THE TASK:
Within the entries below, please retype exactly the lines starting with the line that has "Ученики 0 класса" and going on through the line that has "今朝の登校の様子です。校外学習に行く4年生が出発に合わせて早く来ていました。", but not the pictures.

(Collection entries)
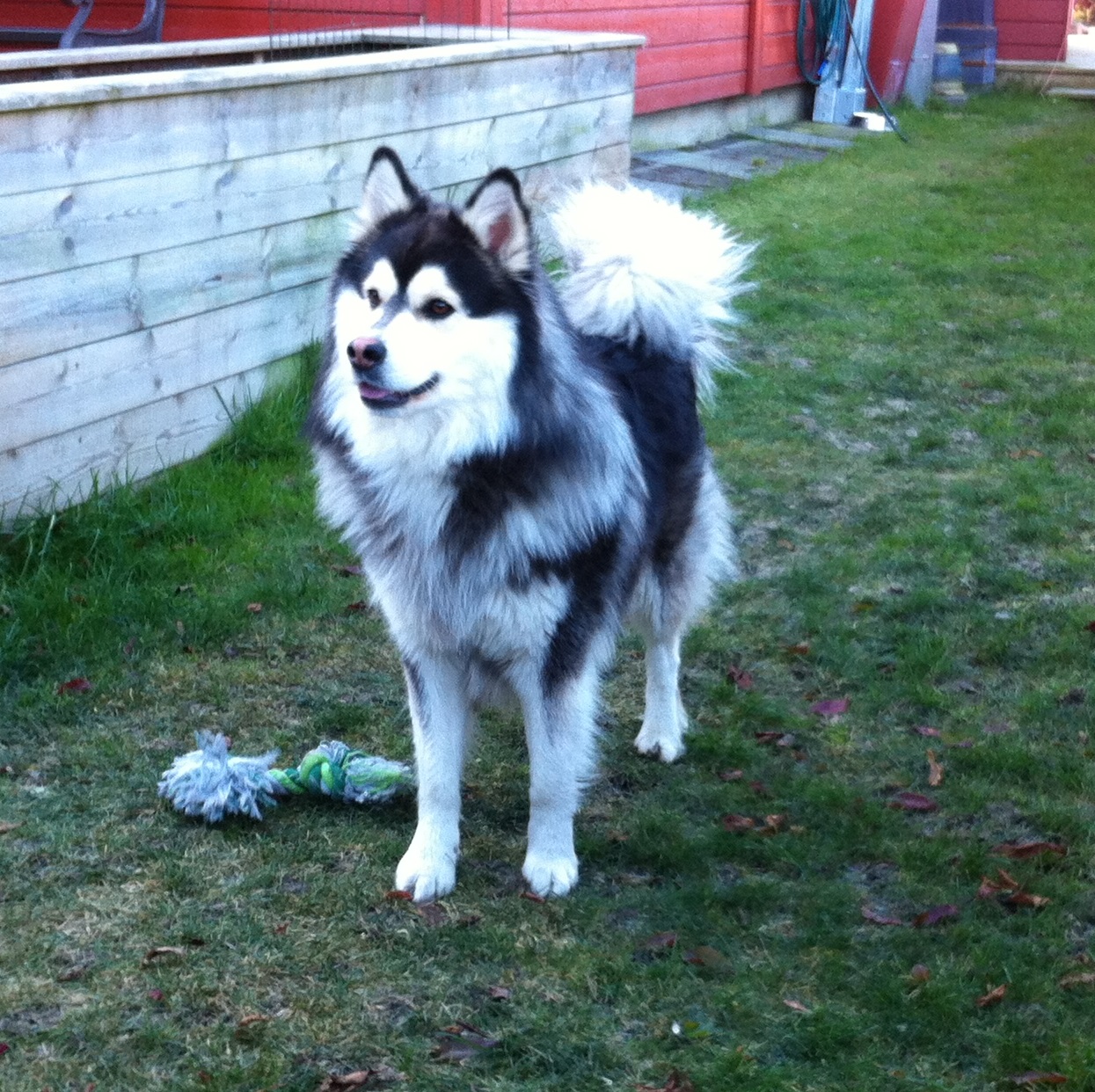 | Stolt mor med sine fem små. Nå har de vokst seg store og fine. De er fem sosiale, trygge og høyt elskede hunder i sine familier. Kvitsymras Armi "Laika" |
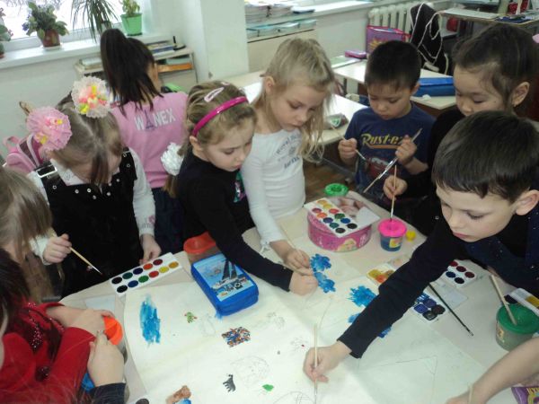 Ученики 0 класса начали подготовку плаката к празднику Наурыз.
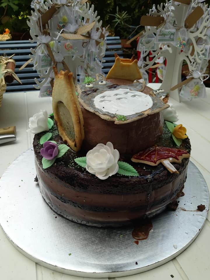 Pièce monté génoise chocolat, pana cotta chocolat et entremet glacé chocolat Thème Totoro
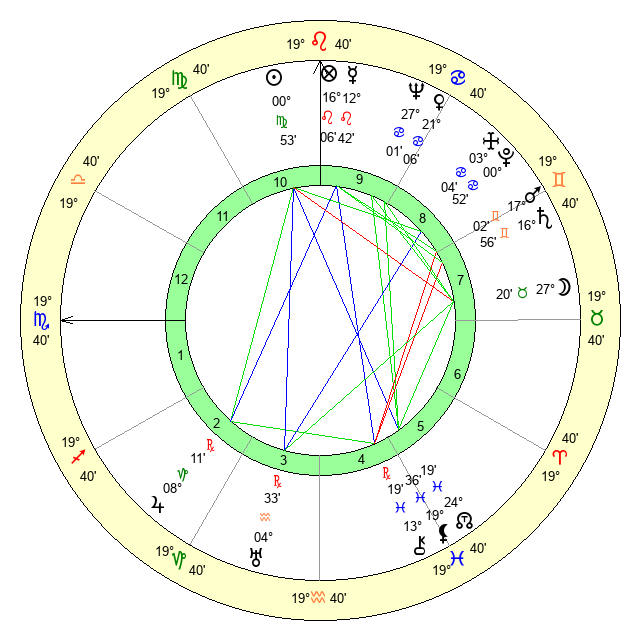 | Moon | 27 Taurus 10 | 18 Virgo 54 | 5 Cancer 26 |
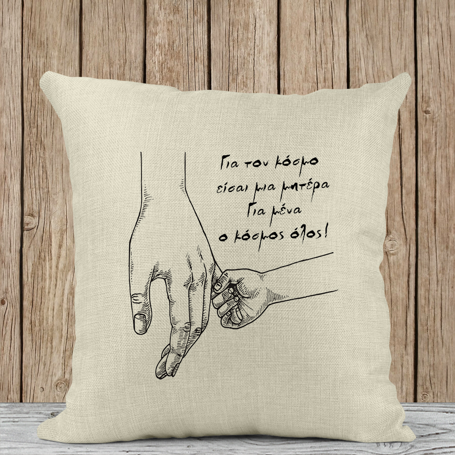 Το διακοσμητικό λινό μαξιλάρι “Για τον κόσμο είσαι μια μητέρα. Για μένα ο κόσμος όλος!” είναι το τέλειο δώρο για να εκφράσετε στη μαμά σας πόσο σημαντική είναι για εσάς.
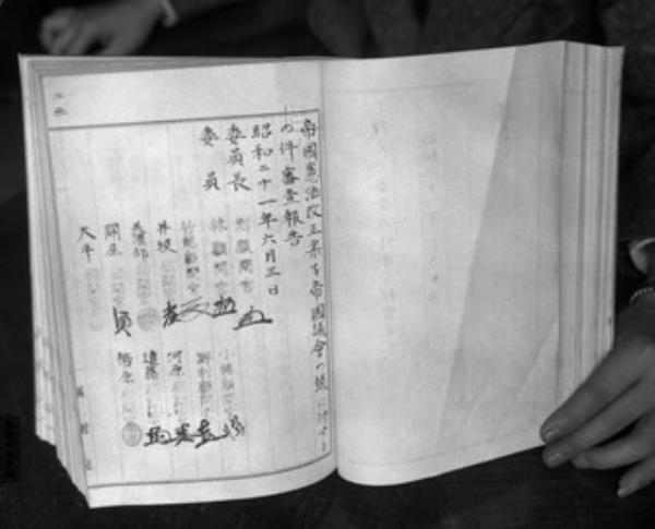 1952年5月,由裕仁天皇和政府部长签署的颁布日本战后宪法的诏书。(每日)
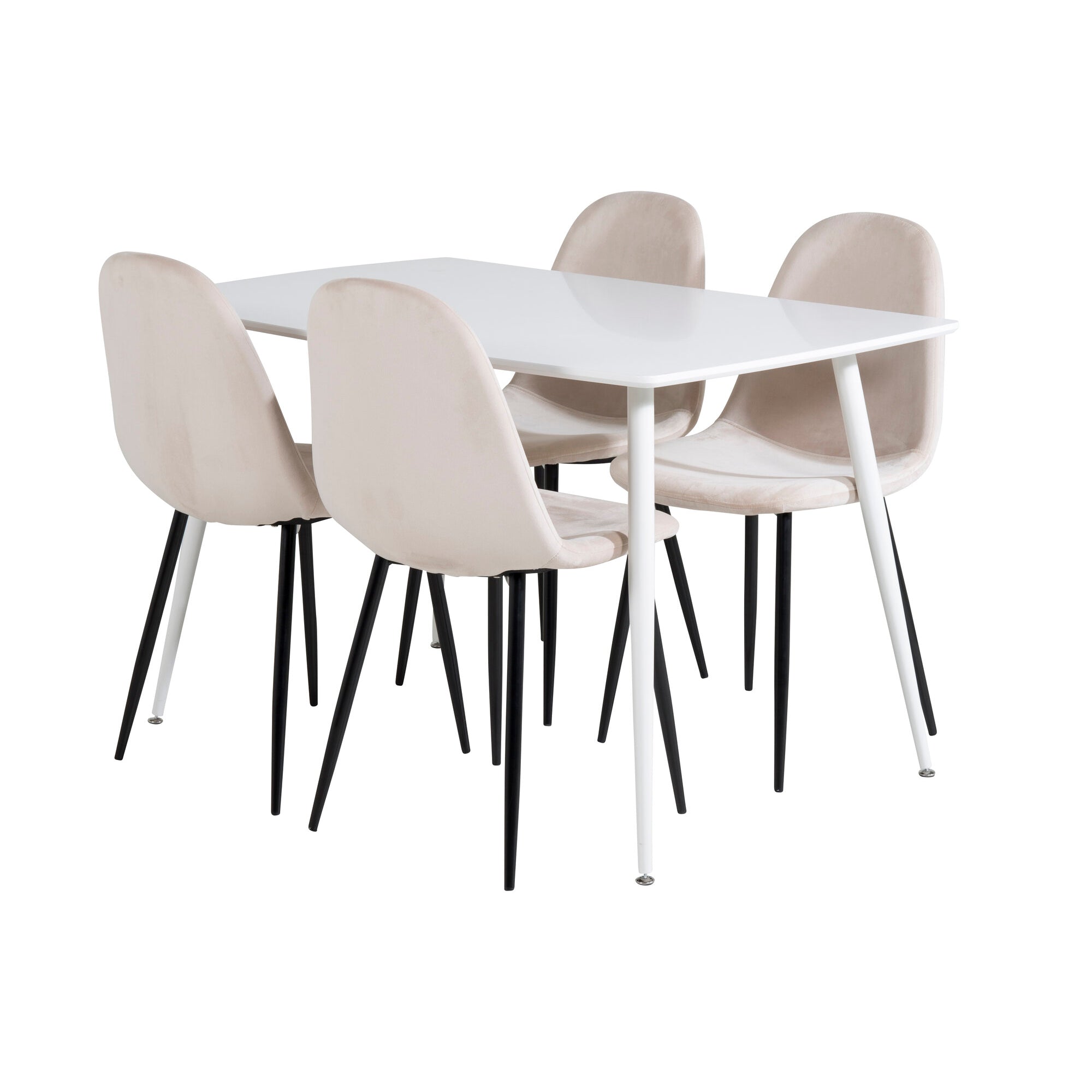 Jídelní stůl Polar 120 cm - Bílá Bílá+Jídelní židle Polar- Černé nohy / Béžová
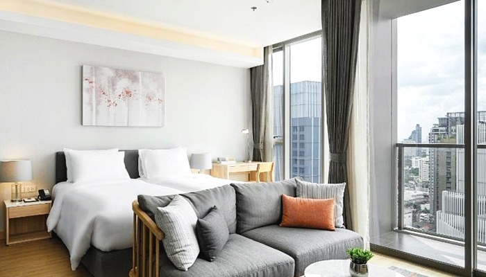 Ascott Thonglor Bangkok 的客房設施豐富,每間客房都配備高品質的家具和設施,提供充足的空間和舒適的床鋪,讓客人感受家外之家的溫馨。客房內設有獨立浴室、液晶電視、私人陽台和免費無線網路等便利設施。
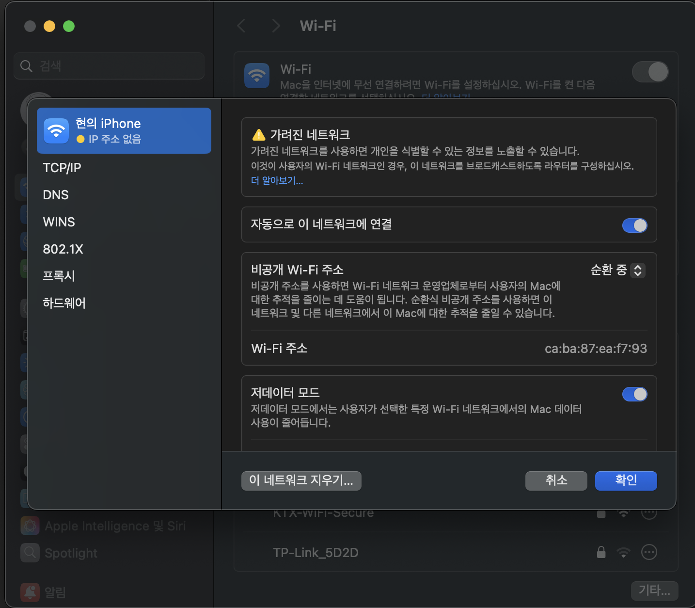 설정에서 Wifi에 들어가 연결된 핫스팟을 찾아줍니다.
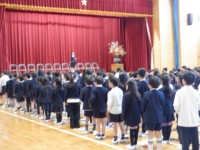 今朝の登校の様子です。校外学習に行く4年生が出発に合わせて早く来ていました。
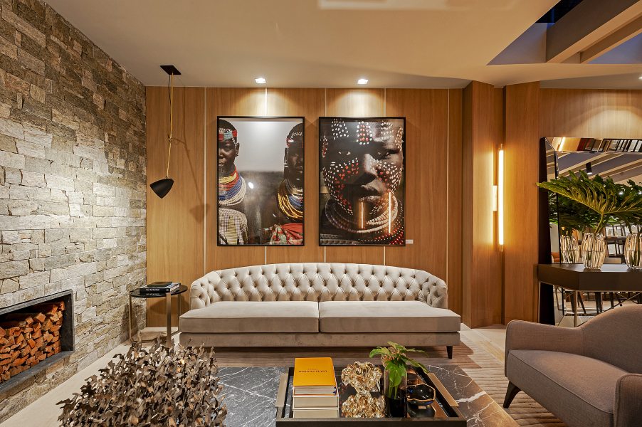 O melhor que a vida tem a oferecer: viagens, momentos divertidos com amigos, bons vinhos e o melhor da gastronomia. Esta foi a inspiração do arquiteto André Bertoluci para o living de 68m² apresentado na Mostra Artefacto de 2019, com apoio da Todeschini. “O espaço, de inspiração masculina, foi pensado para um cliente que gosta de receber pessoas e ter boas conversas sobre viagens, hobbies e outras áreas da vida. A visão e o tato são estimulados por meio da parede de pedra natural em composição com os pendentes de iluminação na frente da lareira, que também aquece o espaço. O paladar tem sua vez na adega, que convida a confraternizações ou mesmo a momentos de relaxamento.” – explica o profissional.
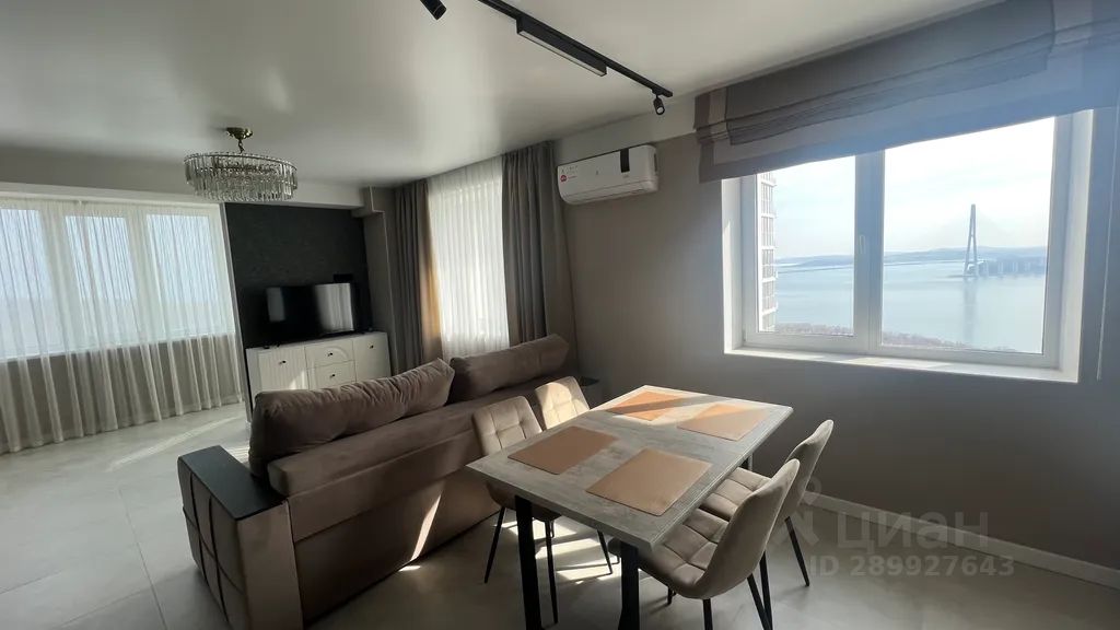 Светлая, уютная квартира с видом на море и мост "Русский". Рядом городской пляж. Удобно проехать на Русский остров, за город, в аэропорт без пробок по объездной дороге, а также в центр через "Золотой" мост.
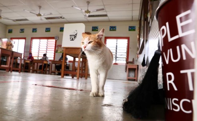 ALOR GAJAH: Seekor kucing bercorak putih dan oren yang dipanggil sebagai ‘pemerhati’ memasuki saluran tiga menggamit suasana petugas Suruhanjaya Pilihan Raya (SPR).

RESPONSE TO THIS EXERCISE:
 Ученики 0 класса начали подготовку плаката к празднику Наурыз.
 Pièce monté génoise chocolat, pana cotta chocolat et entremet glacé chocolat Thème Totoro
 | Moon | 27 Taurus 10 | 18 Virgo 54 | 5 Cancer 26 |
 Το διακοσμητικό λινό μαξιλάρι “Για τον κόσμο είσαι μια μητέρα. Για μένα ο κόσμος όλος!” είναι το τέλειο δώρο για να εκφράσετε στη μαμά σας πόσο σημαντική είναι για εσάς.
 1952年5月,由裕仁天皇和政府部长签署的颁布日本战后宪法的诏书。(每日)
 Jídelní stůl Polar 120 cm - Bílá Bílá+Jídelní židle Polar- Černé nohy / Béžová
 Ascott Thonglor Bangkok 的客房設施豐富,每間客房都配備高品質的家具和設施,提供充足的空間和舒適的床鋪,讓客人感受家外之家的溫馨。客房內設有獨立浴室、液晶電視、私人陽台和免費無線網路等便利設施。
 설정에서 Wifi에 들어가 연결된 핫스팟을 찾아줍니다.
 今朝の登校の様子です。校外学習に行く4年生が出発に合わせて早く来ていました。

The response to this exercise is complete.